Flash memory maker M-Systems has been signed up by Microsoft to provide a high capacity memory unit for the next-generation Xbox console, adding weight to reports that the system will not include a hard drive.

M-Systems is best known for manufacturing USB flash drives which are small enough to attach to keyrings, but the company says that what it is manufacturing for Xbox 2 is a product that does not currently exist, and will be far higher capacity than the 8mb Xbox memory cards.

Sources within Microsoft and at development studios which have been briefed about the Xbox 2 specification have previously indicated that the company is seriously considering dropping the hard drive from the console in favour of high capacity solid state memory devices.

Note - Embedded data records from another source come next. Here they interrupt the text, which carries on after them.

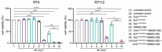 Cytotoxicity of the conjugates CmbT120C/D265C-WB692-CB2, EnfT120C/D265C-WB692-CB2 and Sac120T/265C-WB692-CB2 alone and in combination after irradiation with a light dose of 64 J/cm2 in RT4 and RT112 cells. Control samples were treated with the uncoupled antibodies or the free dye. Mean values ± SD of three independent biological experiments. Statistical analyses were performed using unpaired, parametric Student’s t-tests with Welch’s correction (* p < 0.05, ** p < 0.01, *** p < 0.005, **** p < 0.001).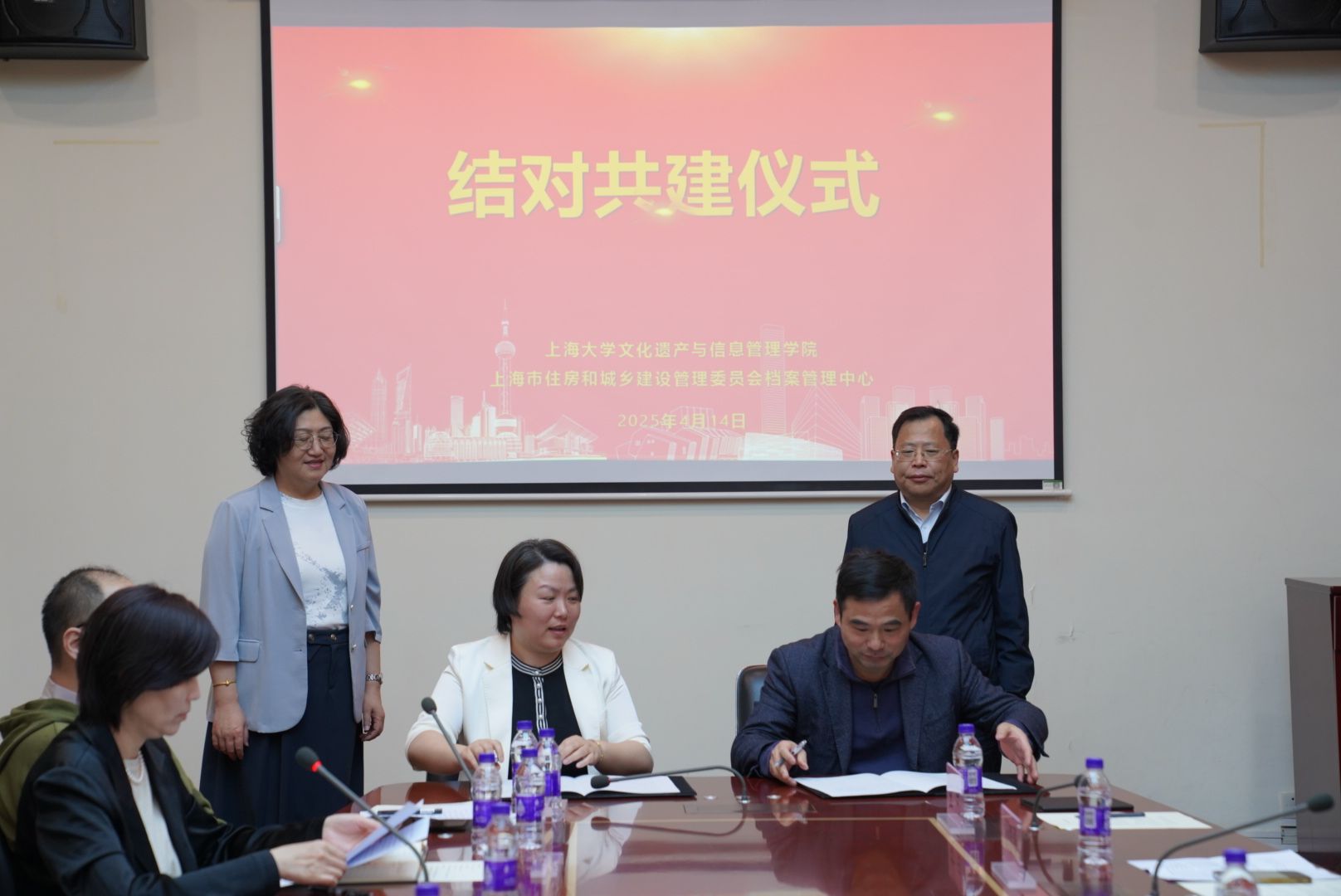 为深化档案工作合作,推动城市文化研究与历史传承,上海市住房和城乡建设管理委员会档案管理中心与365英国上市网于4月14日下午在上海邮政博物馆332会议室联合举办结对共建活动。市建设交通工作党委宣传处相关负责同志,365英国上市网党委书记丁华东,档案学系主任周林兴、副主任张衍,以及其他教职工代表和学生代表,市住房城乡建设管理委档案中心领导班子、中层干部,党团员及职工代表共同参与。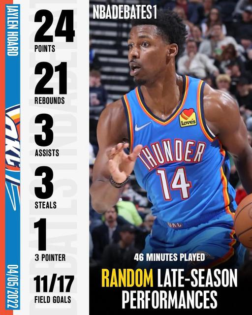 2022 年 4 月 5 每天,出场打球 46 分钟,17 投 11 中,拿下了 24 分,21 个篮板,3 次助攻,3 第二次抢断。其中,投入 1 记三分球。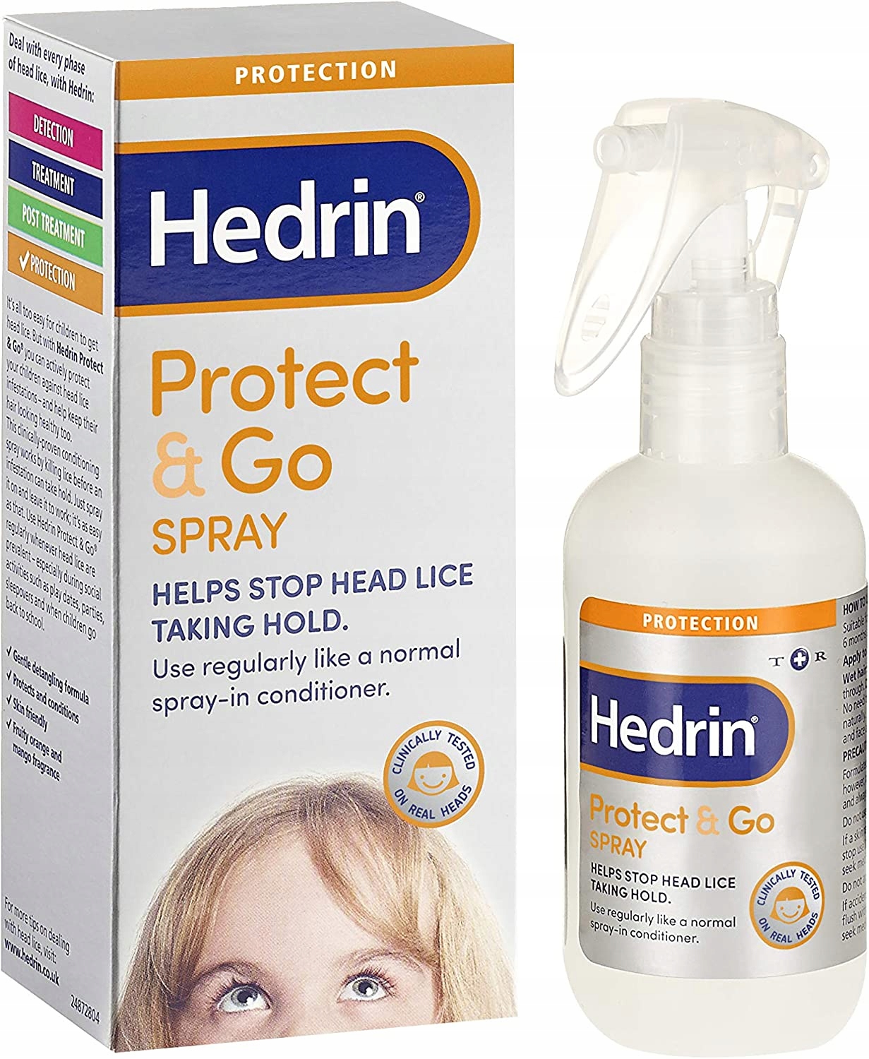 Спрей Hedrin Protect & Go следует использовать для защиты головы от заражения вшами. Клинически проверенный спрей-кондиционер, который убивает вшей до того, как они начнут заражаться. Регулярно используйте Hedrin Protect & Go при наличии вшей, особенно во время общественных мероприятий, таких как игры, вечеринки, ночевки и когда дети возвращаются в школу. Спрей Hedrin Protect & Go безопасен для кожи, защищает и питает волосы, имеет приятный фруктовый аромат апельсина и манго. «Подходит для взрослых и детей от 6 месяцев. Наносите Hedrin Protect & Go регулярно после мытья волос (не реже двух раз в неделю) в рамках обычной гигиены волос.

The deal with M-Systems fits perfectly with these reports, as it would suggest that an extremely large removable flash memory unit would replace the hard drive. Flash units of up to 512mb - half a gigabyte - are already commonplace in pen and keyring devices, and it's possible that Microsoft could aim for an even larger unit for the Xbox 2 memory system.

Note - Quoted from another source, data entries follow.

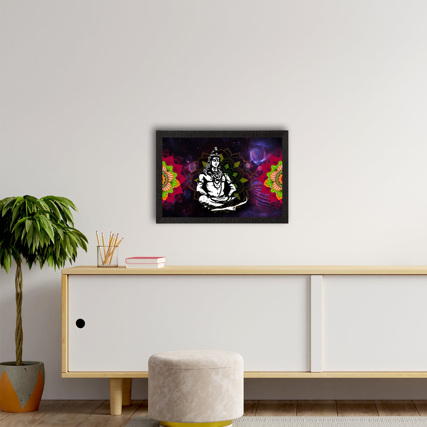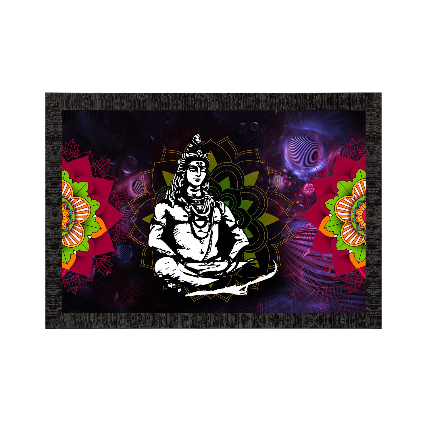 Product Description - Lord Shiva, known & understood as the destroyer of the universe also plays different roles such as the master of fertility, medicine & poison. Lord Shiva's paintings are said to depict the importance of harmony & love in a family. Therefore, these framed wall paintings make a great gift option for your family & friends. Our Lord Shiva UV matt textured framed paintings are available in sets as well that will help you incorporate the entire wall space creatively. Each design reflects the artistic qualities and time one has taken to design this painting. These frames don't include glass so it is very lightweight and wet cloth can be used to clean them. Exquisitely printed and framed, it is also a perfect gifting option for your colleagues, loved ones, and family members.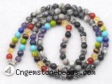GMN7094 7 Chakra 8mm picture jasper 108 mala beads wrap bracelet necklaces
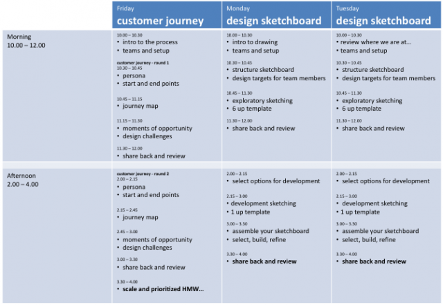 Pre-planning the teams is also a good idea in order to ensure a good mix of disciplines. A sample 3-day workshop agenda is shown below.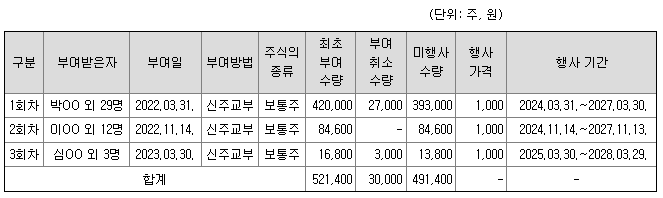 현재 주식매수선택권 부여 내역은 아래와 같으며 미행사 주식매수선택권은 증권신고서 작성일 3.21일 현재 491,400주로, 이는 공모 후 발행주식총수의 3.74%입니다. 향후 주식매수선택권의 행사로 인하여 신주가 발행되어 시장에 출회될 경우 아이씨티케이의 상장 후 주가에 희석화 요인으로 작용하여 주가에 부정적인 영향을 미칠 수 있습니다. 투자자께서는 상기와 같이 출회 가능한 물량에 대해 반드시 유의하시기 바랍니다.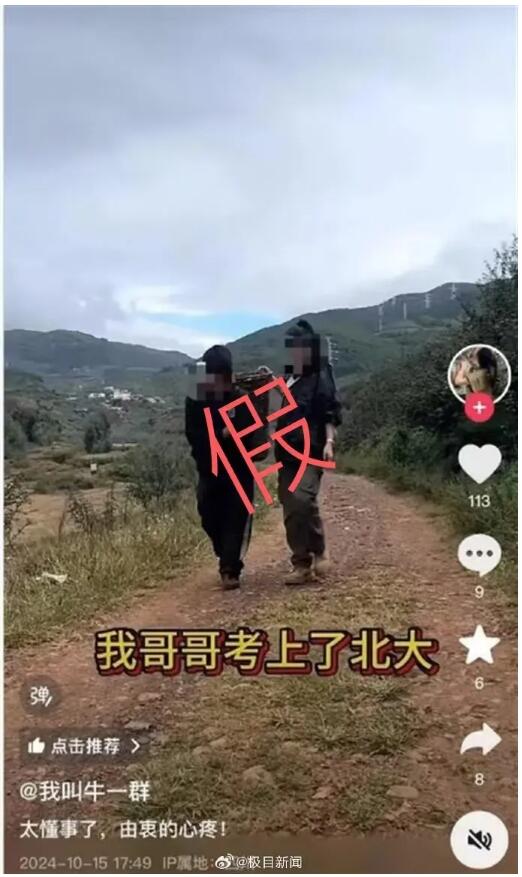 该事件系网红博主虚假摆拍。视频中涉及的“家庭贫困被迫辍学”“哥哥考上北京大学”均属杜撰,主播支付了400元找群演,请男孩自导自演、剧本拍摄短视频。昂地公安机关已依法关停涉案违规账号2个,对博主解某某进行行政处罚,对杨某等“群演”进行批评教育。

Such a unit would be large enough to store hundreds, possibly thousands of save games, and even small-scale downloadable content such as new skins or models for multiplayer titles. However, the console would probably lose the ability to rip music CDs and run custom soundtracks - although Microsoft would probably prefer that you do that by playing music on your Xbox over a network link with a Windows XP Media Centre enabled PC anyway.

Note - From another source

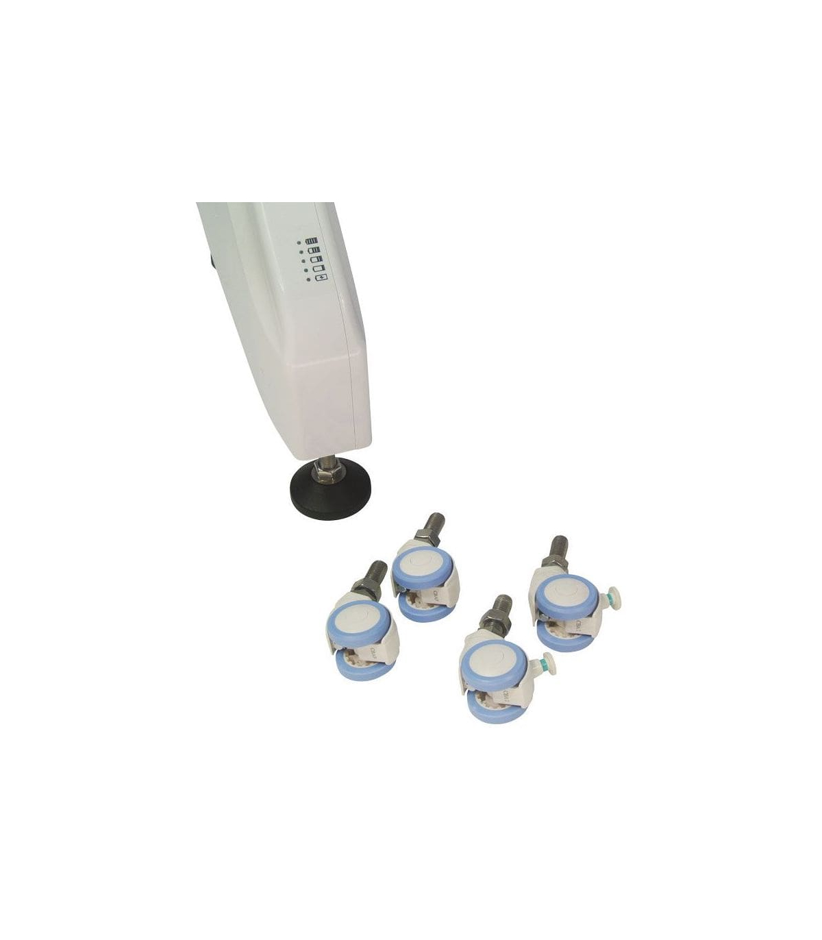 Le siège élévateur de toilettes Lofoten est livré avec un kit de 4 roulettes dont 2 avec freins. Les roues ne sont pas obligatoires. En effet, vous pouvez installer le fauteuil sur les 4 pieds fixes ou les remplacer par le kit roulettes pour le rendre mobile.

Microsoft will save significant amounts of money on the production cost of Xbox 2 by not including a hard drive, as well as allowing the case for the unit to be smaller and opening up a potential revenue stream from sales of flash memory units. The company will also be hoping that the lack of a hard drive will make Xbox 2 less attractive to hackers than its predecessor - whose hard drive has made it into a prime target for hackers who have turned the console into everything from a functional Linux system to a home media player, as well as enabling easy piracy of Xbox game titles.